We have trained and are opening a neural network called Whisper that approaches human-level robustness and accuracy in English speech recognition.
see code
See card model
Whisper is an automatic speech recognition (ASR) system trained on 680,000 hours of multilingual, multitasking supervised data collected from the web. We show that using such a large and diverse data set leads to greater robustness to accents, background noise, and technical language. In addition, it allows transcription in multiple languages, as well as translation of those languages into English. We are open source models and inference code that serve as the foundation for building useful applications and for future research on robust speech processing.
The Whisper architecture is a simple end-to-end approach, implemented as an encoder-decoder transformer. The input audio is split into 30-second chunks, converted to a log-Mel spectrogram, and then passed to an encoder. A decoder is trained to predict the corresponding text subtitle, interspersed with special tokens that direct the unique model to perform tasks such as language identification, sentence-level timestamps, multilingual speech transcription, and English speech translation.

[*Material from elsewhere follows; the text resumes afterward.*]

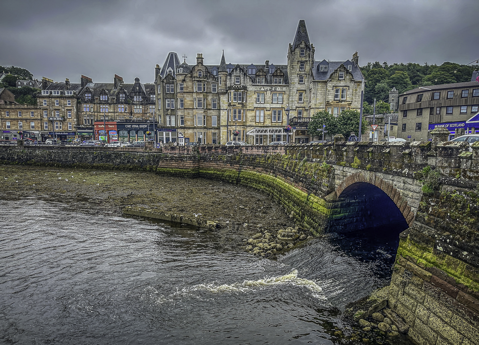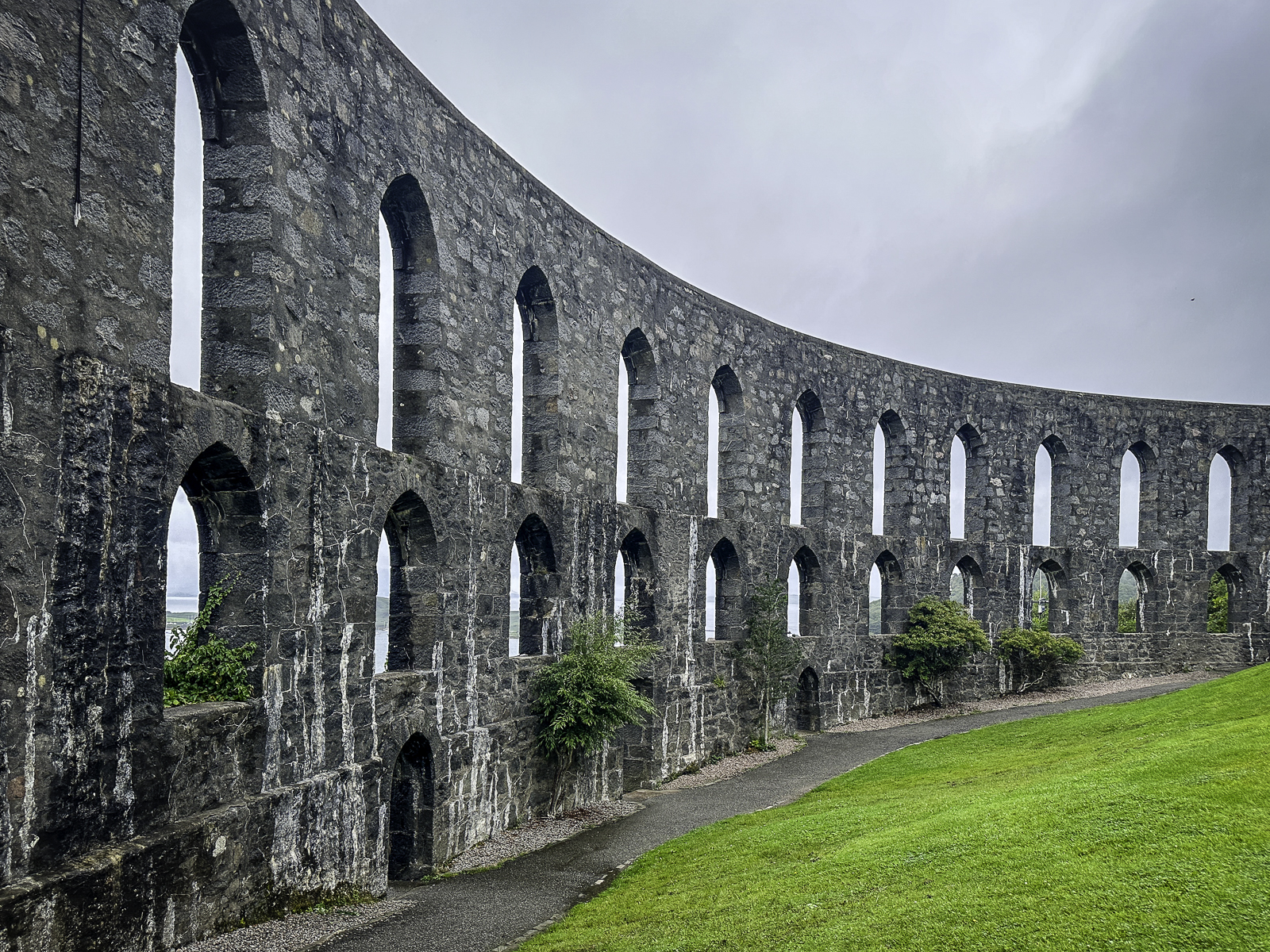 Oban is crowned by the distinctive McCaig’s Tower, a 19th-century granite structure modeled loosely after the Roman Colosseum. Built by a local philanthropist to provide winter employment, it overlooks the town and offers sweeping views of the bay and surrounding islands. Along the waterfront, Victorian buildings, seafood restaurants, and working fishing boats reflect the town’s maritime heritage.

Other existing approaches frequently use smaller and more closely matched audio and text training data sets, or use extensive but unsupervised audio pretraining. Because Whisper was trained on a large and diverse data set and not fitted to any specific one, it does not outperform models that specialize in the performance of LibriSpeech, a famous competitive benchmark in speech recognition. However, when we measure Whisper’s zero-shot performance across many diverse data sets, we find that it is much more robust and makes 50% fewer errors than those models.
About a third of Whisper’s audio dataset is not in English, and is alternately tasked with transcribing in the original language or translating into English. We found this approach to be particularly effective for learning speech-to-text translation and outperforms the SOTA supervised in CoVoST2 for zero-throw English translation.
We hope that Whisper’s high accuracy and ease of use will allow developers to add voice interfaces to a much broader set of applications. review the paper, card modelY code for more details and to try out Whisper.